BACKGROUND OF THE INVENTION

[0002] 1. Field of the Invention

[0003] The present invention relates to the field of processing documents. The invention is especially suitable for, but not limited to, processing captured images of documents.

[0004] 2. Description of Related Art

[0005] There are many situations in which a person has to read several documents, looking for the same information in each document. This is very time consuming and the user may be likely to miss or overlook important information buried in other text.

[0006] It would be desirable if a document to be read could be somehow marked automatically to draw a user's attention to certain portions of the document which may contain significant information, irrespective of the type or format of the document.

SUMMARY OF THE INVENTION

[0007] The present invention provides a technique in which a target document is annotated on the basis of one or more keywords previously entered into the processing system.

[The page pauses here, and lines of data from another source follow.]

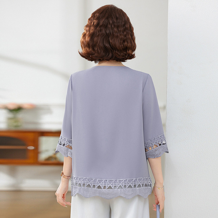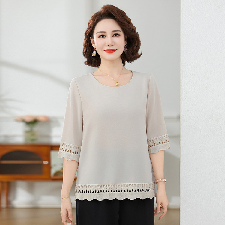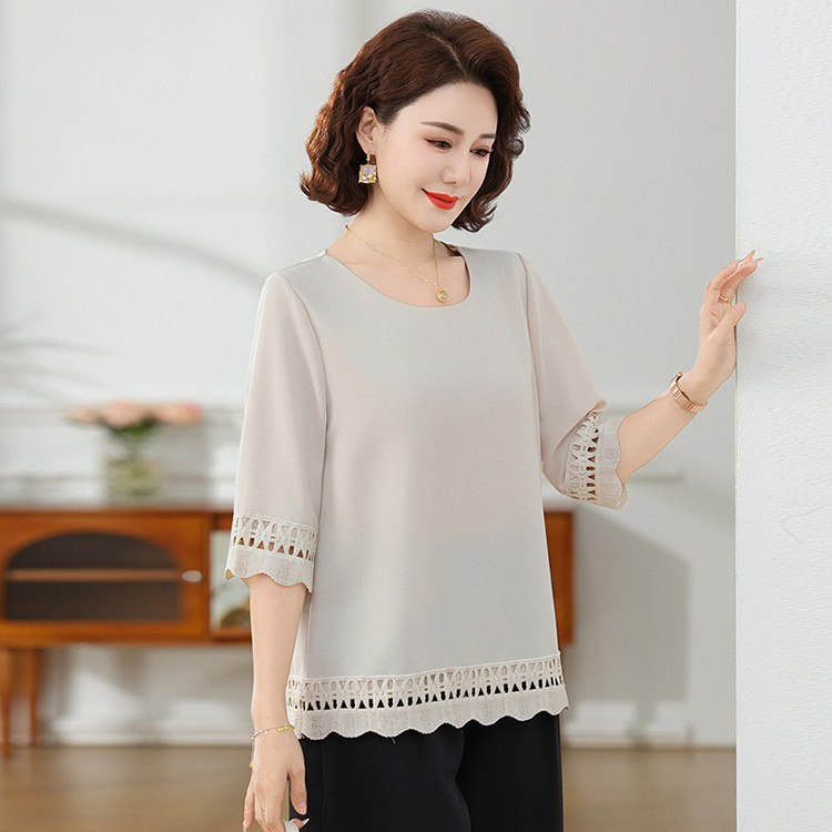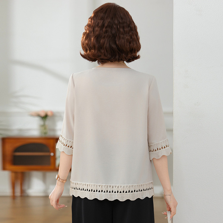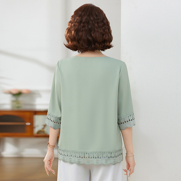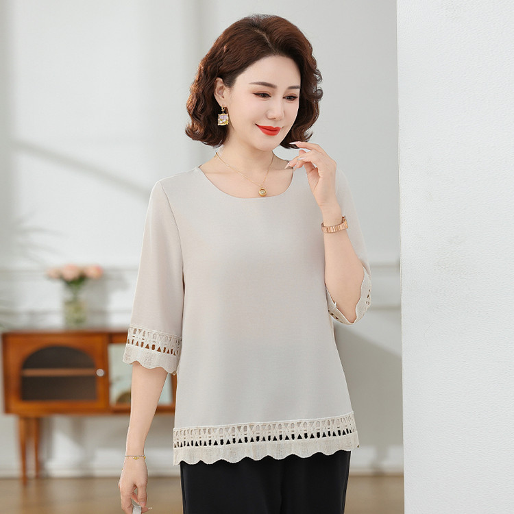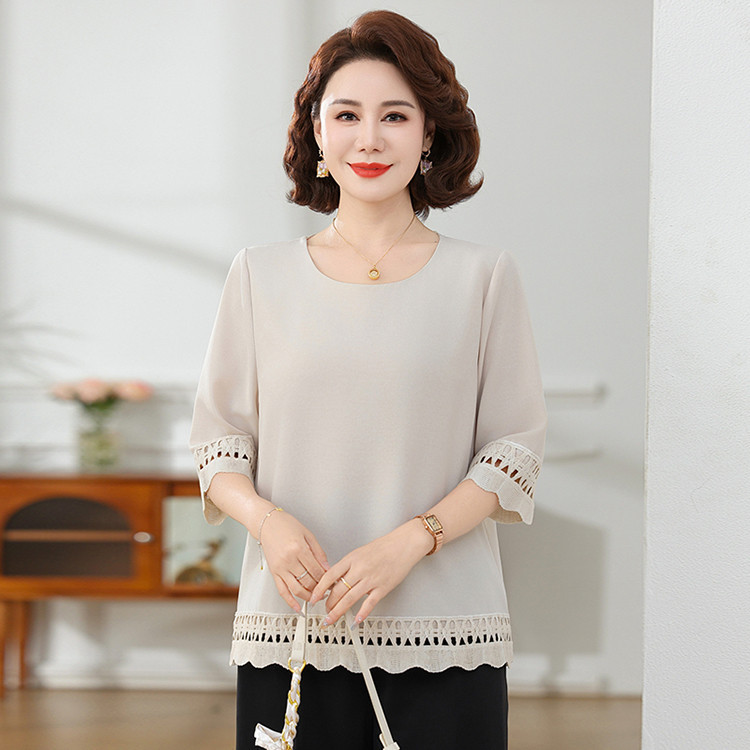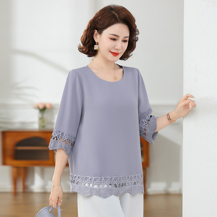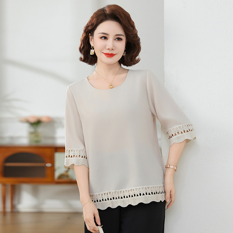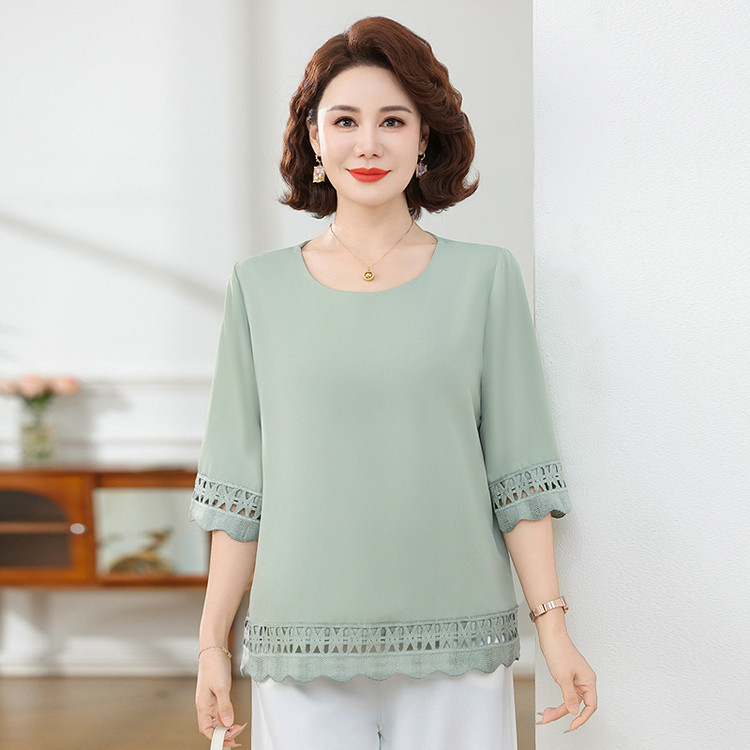 Летняя элегантная шифоновая рубашка с крючком для мамы, новинка 2025 года, свободная одежда большого размера для женщин среднего и пожилого возраста, закрывающая живот
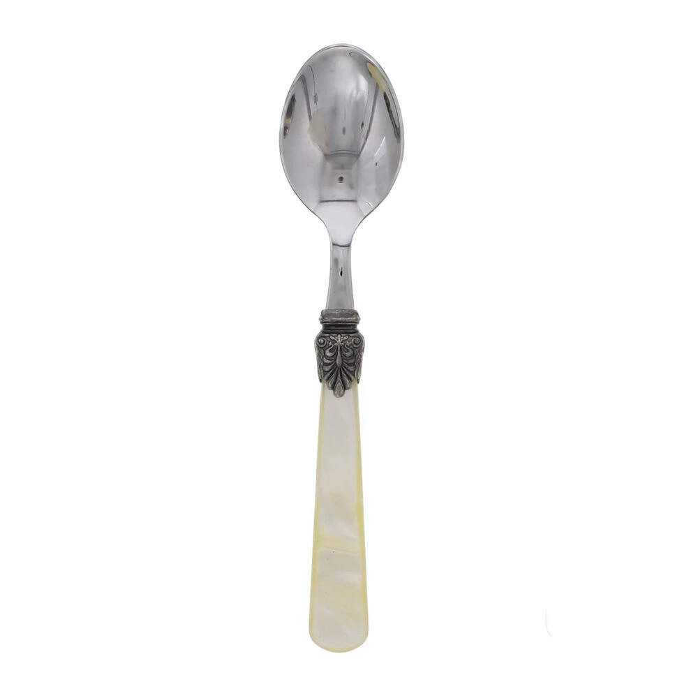 De Rivadossi Sandro Elena tafellepel is gemaakt van roestvrij staal, met een heft van ivoor acryl. Het heft is voorzien van een decoratief element. Gebruik de lepel voor het eten van diverse gerechten.
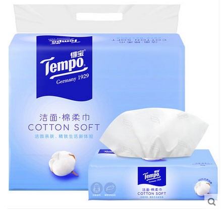 TEMPO 得宝 纯棉纸巾干湿两用全棉柔巾 90抽*3包,得宝是德国的,在香港和德国比较火,最大的特性就是韧性好,比较不怕湿水,没有纸屑。你买一包打开摸一下就知道差别了。网友反馈:纸很有韧性,质量非常好,与卖家描述的完全一致,再便宜点就非常满意了,真的很喜欢,完全超出期望值!
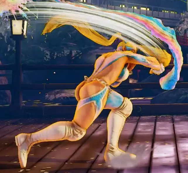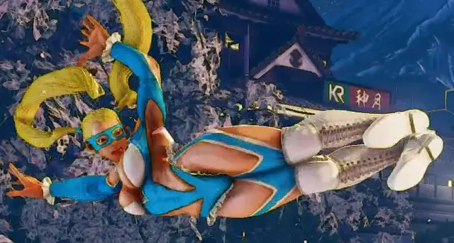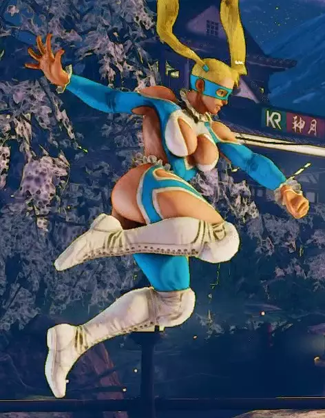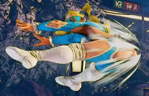 起始 主动恢复 命中 格挡 35 22 0 +4 +2 起始动作非常慢,但如果干净命中则效果极佳(可轻松衔接站立轻脚、站立中拳,再衔接前下前+中拳),或在格挡时(为你提供+2帧有利的择)。此招赋予你极快拉近与对手距离的能力,但代价是动作前摇极大,因为她会先蹲下再向前突进。很多人喜欢用这招,但要记住,反应快的对手很容易对策这招,他们只需垂直起跳后落下即可惩罚你。使用时需格外小心,尤其是在离线对战中,对手有更多时间反应。 此飞踢也可穿过火球,但时机把握较难。她在23-38帧期间被判定为空中状态,并在26-39帧期间拥有下半身对飞行道具的无敌判定。普通与特殊招式(2) 蹲轻拳
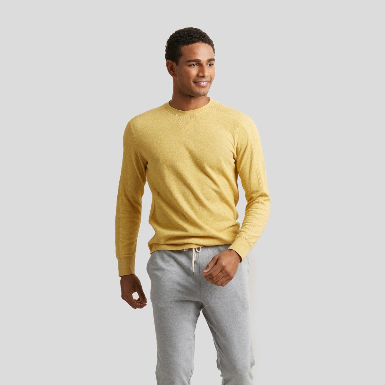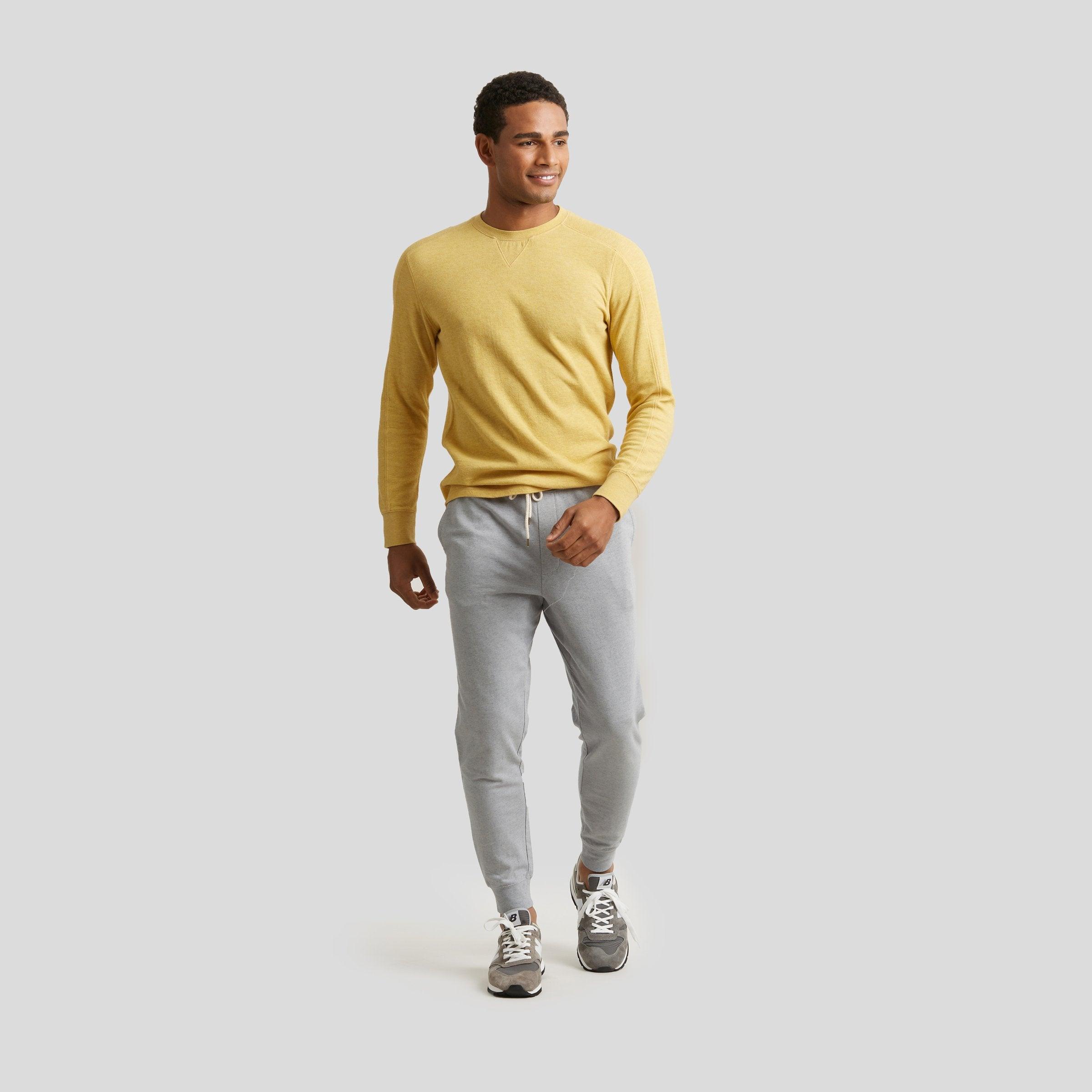 Outside, this masculine essential is a classic thermal—knit from the highest quality premium heather yarns in a two-fold knit fabric. Skinside, it’s soft, stretchy cotton jersey. Wear it as a layered crew, an updated sweatshirt or under a casual blazer. Raglan sleeved for ease of movement Athletic top stitching details Classic V notch detail Clean finished neck opening with herringbone tape Ribbed cuffs and hem 98% Cotton / 2% Nylon Imported The Model is also wearing: Momo Light Weight Terry Joggers - Light Gray.
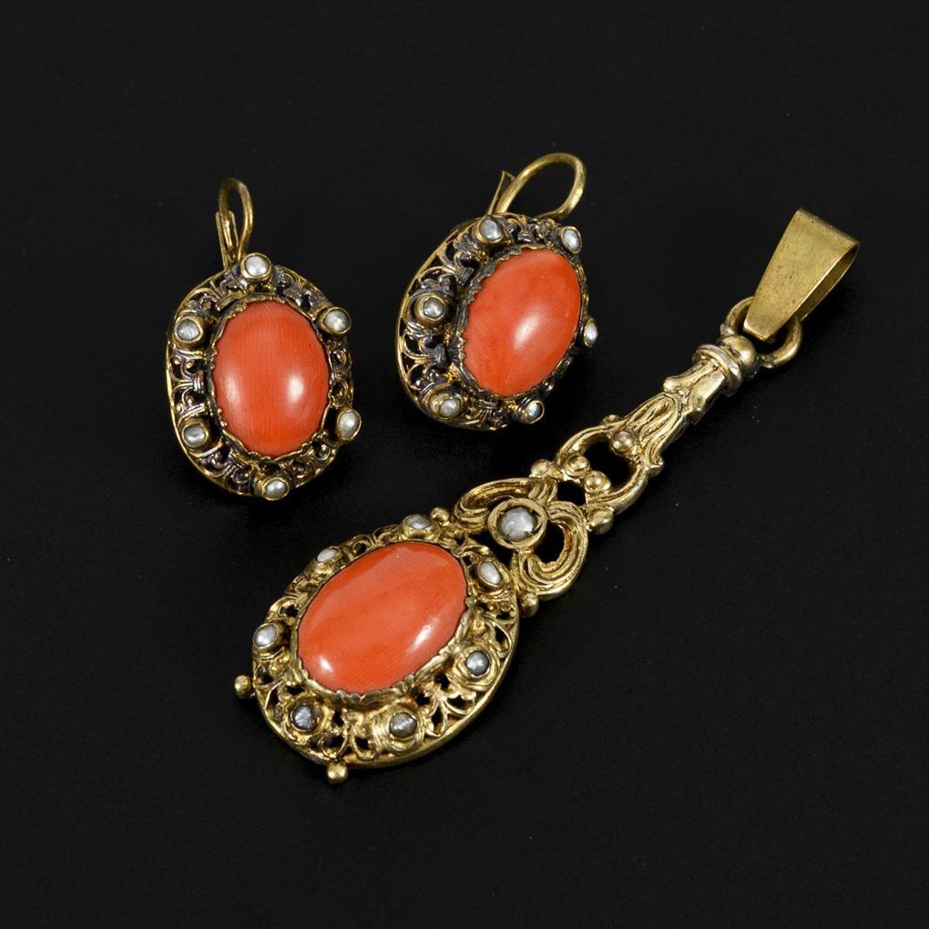 Relief pendant and pair of earrings with casket-set coral cabochons and small half pearls. Spring bail. Pendant with back repaired suspension, supplemented loop.
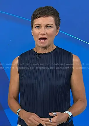 Stephanie Gosk on Today on NBC was spotted wearing this navy pleated sleeveless top on Today on Sep 03 2025's episode. Stephanie's Top is the Pleated Crewneck Top in Coastal Blue by Vince.
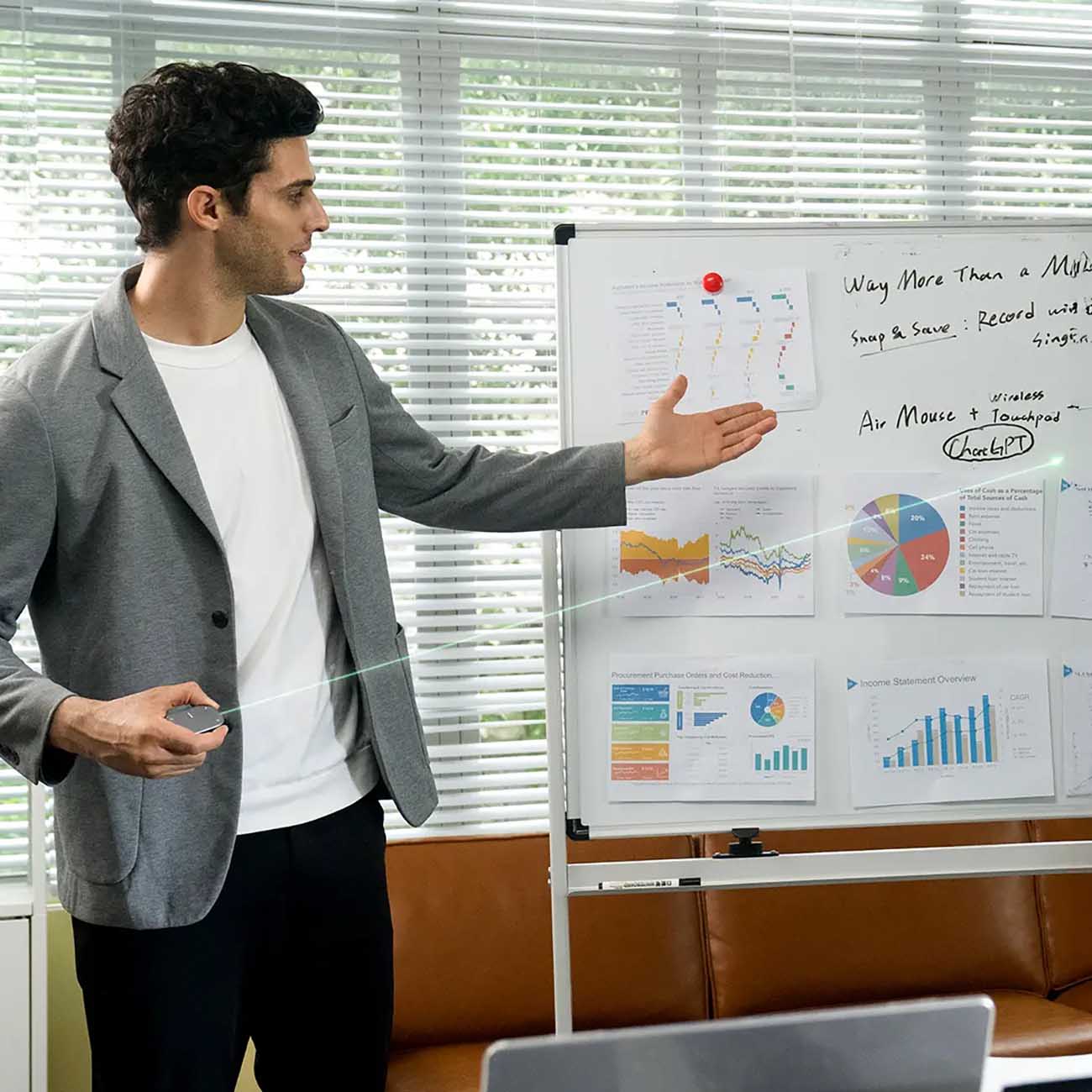 Can be used as a desktop mouse .. a presentation clicker .. and an air mouse with hand-motion control for on-screen navigation.
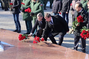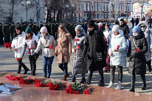 Живые цветы легли к подножию стеллы, на которой высечены имена героев – военнослужащих 5-й Армии, отдавших свои жизни, защищая Отечество. Пурпурные розы, как знак памяти и скорби, возложили к памятнику погибшему в Сирийской Арабской республике командующему 5-й Армией, генералу-лейтенанту Валерию Асапову. В честь тех, кто погиб за Родину, была объявлена минута молчания. Затем прозвучал ритуальный оружейный салют.
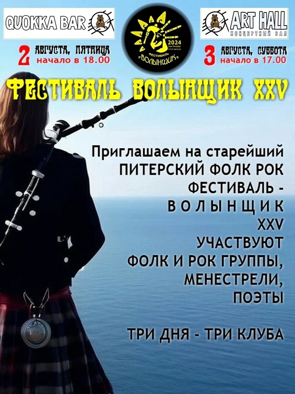 и фолк-фестиваль "Волынщик" в Арт-холле, Квокке и "Сердце":
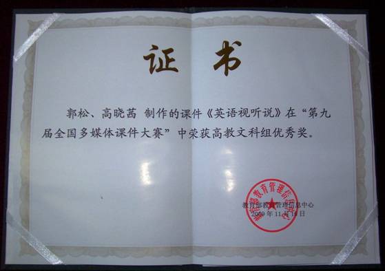 近日,在 “ 第九屆全國多媒體課件大賽 ” 中,外國語學院英語系講師郭松和高曉茜制作的《英語視聽說》多媒體課件榮獲高教文科組優秀獎。教育部教育管理信息中心為此頒發了證書。
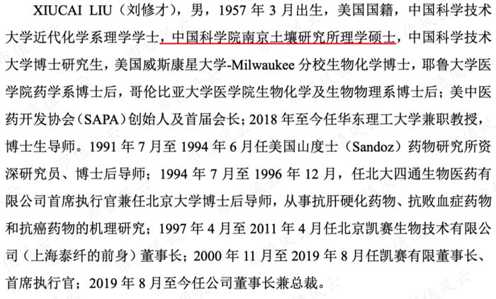 核心技术人员之一XIUCAI LIU(刘修才)是实际控制人,目前担任公司董事长兼总裁,属于技术背景出身,中科大毕业,在美国取得博士学位。
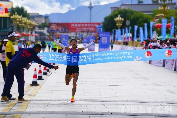 半馬女子組冠軍次仁措姆抵達(dá)終點(diǎn) 攝影:趙振宇

[0008] In more detail, the target document is searched to identify the occurrence of the one or more keywords, and any such occurrences are annotated (with an electronically generated annotation) to guide the user to such text.

[0009] The term annotate is intended to be interpreted broadly, and may include any suitable marking (e.g., highlighting, circling, crossing through, bracketing, underlining, bolding, italicizing, or coloring) or other technique for visually indicating a section of the document.

[0010] Preferably, the keywords are derived from a source document which has been previously annotated by a user. The system may thus be referred to as a “forward annotation” system for automatically “forwarding” annotations made to a source document into equivalent annotations of a target document.

[0011] Preferably, the source document may be either a paper (or other physical) document, or an electronic document (e.g., a text file).

[0012] Preferably, the target document may be either a paper (or other physical) document, or an electronic document (e.g., a text file or image of the document).

[0013] Preferably, the system comprises a project storage device for storing keywords from a plurality of source documents.

[0014] Preferably, the storage device also stores the complete source documents (either in electronic text form, or as a scanned image).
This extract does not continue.